When different users use the same client that requests scopes A and B, the access token scopes can differ.

Example use case

A company supports custom OAuth 2.0 clients for internal applications. The use of the internal applications is bound by the terms and conditions in the contracts of those who work for the company. The terms and conditions grant the internal applications access to profile information the company maintains. It would be redundant to prompt employees and contractors for consent to access their profile information.

The AM administrator creates policies to grant the profile scope for all internal client tokens.

How it works

How policies determine whether to grant or deny an OAuth 2.0 scope
Figure 1. Policies for dynamic scopes

AM processes consent based on the policy decision:

  • If a policy grants access to a scope (GRANT=true), consent is automatic.

    AM does not prompt the user to grant access.

  • If a policy denies access to a scope (GRANT=false), AM omits the scope from any resulting token.

    AM does not prompt the user to grant access.

  • If no policy grants or denies access, then the result depends on the flow.

    When the flow is interactive as in authorization or device code flows, AM prompts the user to grant access or uses the saved consent state if available.

    If the flow is not interactive as in resource owner password or client credentials flows, AM omits the scope from any resulting token.

    For details about which flows are interactive, refer to the examples in OAuth 2.0 grant flows and OpenID Connect grant flows.

The default scopes behavior does not change for dynamic authorization. AM only evaluates default scopes from the OAuth 2.0 client profile when the client does not request a scope. AM follows the same rules to deduce consent for both default and requested scopes.

When issuing refresh tokens, AM issues the same scopes as for the access token, unless a policy explicitly denies one of the scopes.

Validate OAuth 2.0 scope policies

Writing policies for OAuth 2.0 may not be straightforward if your environment requires complex conditions. The easiest way to validate OAuth 2.0 policies is to configure a client to use the policies and request some tokens.

Prepare a demonstration

Start by preparing the demonstration:

OAuth 2.0 scope policy

The sample scope policy denies access to the email scope.

  1. In the AM admin UI, go to Realms > alpha > Authorization > Policy Sets and select Default OAuth2 Scopes Policy Set to edit the policy set.

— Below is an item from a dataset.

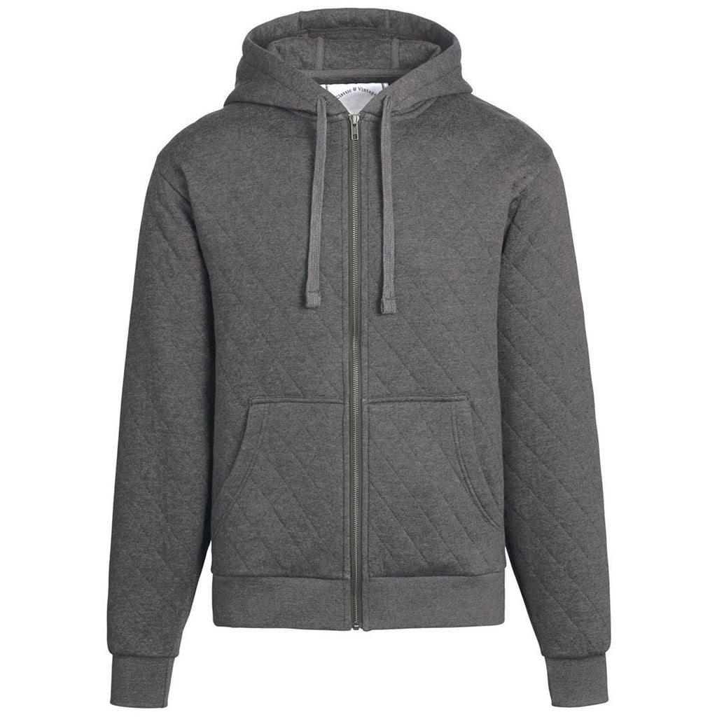 Enjoy an embroidered custom look with the Landway Men's Heather Grey Kingsley Quilted Fleece Hoodie. The Kingsley combines a relaxed fit, insulated design, and vintage details for a fun and fashionable look that is great for a morning commute or an evening hanging out with friends. Add a company logo to use as part of employee apparel for those who work outdoors or as employee gifts for any occasion. Try a custom logo on this full zip hoodie for a look that will fly off shelves. Place an order to make sure this hoodie is part of your logoed apparel line as soon as possible.Highlights
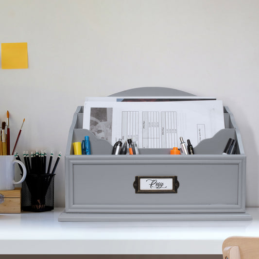 All-in-One Desk Organizer with 6 Compartments - Grey

    This is the oauth2Scopes policy.

  2. Click + Add a Policy, use the following settings, and create the policy:

    Name

    Dynamic OAuth 2.0 Scopes

    Resource Type

    OAuth2 Scope

    Resources

    Select * as the pattern and add email as the scope.

  3. Click the Actions tab, set GRANT to Deny, and save your changes.

  4. Click the Subjects tab, set the subject type to Authenticated Users, and save your changes.

The resulting policy reflects your work:

OAuth 2.0 policy denying the email scope for all authenticated users
Figure 2. OAuth 2.0 scopes policy

OAuth 2.0 client

The OAuth 2.0 client profile in this example overrides the AM OAuth 2.0 provider settings. This lets you test the scope policy without affecting other clients.

  1. Create a confidential OAuth 2.0 client account.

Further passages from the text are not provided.